Al terminar, tuvo una última reunión con miembros de la UJC, en la cual calificaron a Agüero de “contrarrevolucionario” y trataron de mostrar que se relacionaba con figuras anticastristas. La reunión concluyó con su expulsión de esta organización política.

 

En solo un día, Reyner Agüero Varona fue privado por tres años de su derecho a la educación. El alumno tenía un buen desempeño docente y había obtenido premios y buenos resultados en concursos de programación como la Copa Pascal y el “ACM International Collegiate Programming Contest” (ICPC) a nivel de escuela y nacional, sin embargo, nada de esto fue tomado en cuenta al momento de la sanción.

 

En el documento de la baja se recoge como motivo de la expulsión: “Utilizar, con fines de carácter personal no autorizados, las posibilidades que brindan las tecnologías de la información que le fueron facilitadas gratuitamente por la institución para sus estudios universitarios” (ver Imagen 1).

 

Agüero fue conminado varias veces por los directivos de la UCI para que declarara que había sido manipulado en la entrevista. Con esto, conseguiría que se aminorara la sanción, pero este se negó. Al recoger la sanción en la oficina de la decana Ivonne de la Caridad Collada Peña, ésta le prohibió que copiara hacia un dispositivo externo la información personal que tenía en la computadora de la escuela.

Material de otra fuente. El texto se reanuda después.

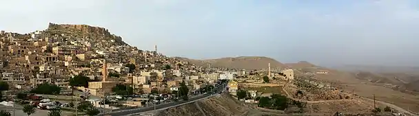 Mardin (Kurdish: Mêrdîn;[2] Arabic: ماردين; Syriac: ܡܪܕܝܢ, romanized: Merdīn;[3][4] Armenian: Մարդին) is a city and seat of the Artuklu District of Mardin Province in Turkey.[5] It is known for the Artuqid architecture of its old city, and for its strategic location on a rocky hill near the Tigris River.[6]

“Mi caso en la UCI llegó hasta tal punto que en la entrada de la escuela llevaron una imagen de mí al estilo “Most Wanted”, para detenerme en caso de ser visto entrando. También hicieron reuniones de grupo a los 10 mil estudiantes mostrando vídeos y PPT’s de los casos de expulsiones recientes para servir de escarmiento. Según algunos mi caso fue el de mayor trascendencia en estos. Algo interesante en este tema es que se me acusó de haber recibido dinero de tu parte con la publicación de la entrevista. Otros afirmaron que lo hice con motivos de usarlo como argumento para salir del país, esto y mucho más integraron las acusaciones que intentaban desacreditarme ante la UCI completa.

Por esto algunos de mis antiguos compañeros no aceptaron una petición de amistad por el simple hecho de no aparecer ante el mundo en mi lista de amigos” contó un año después Agüero al mismo periodista español que le realizó la entrevista por la que fue expulsado (Guerrero, 2011b).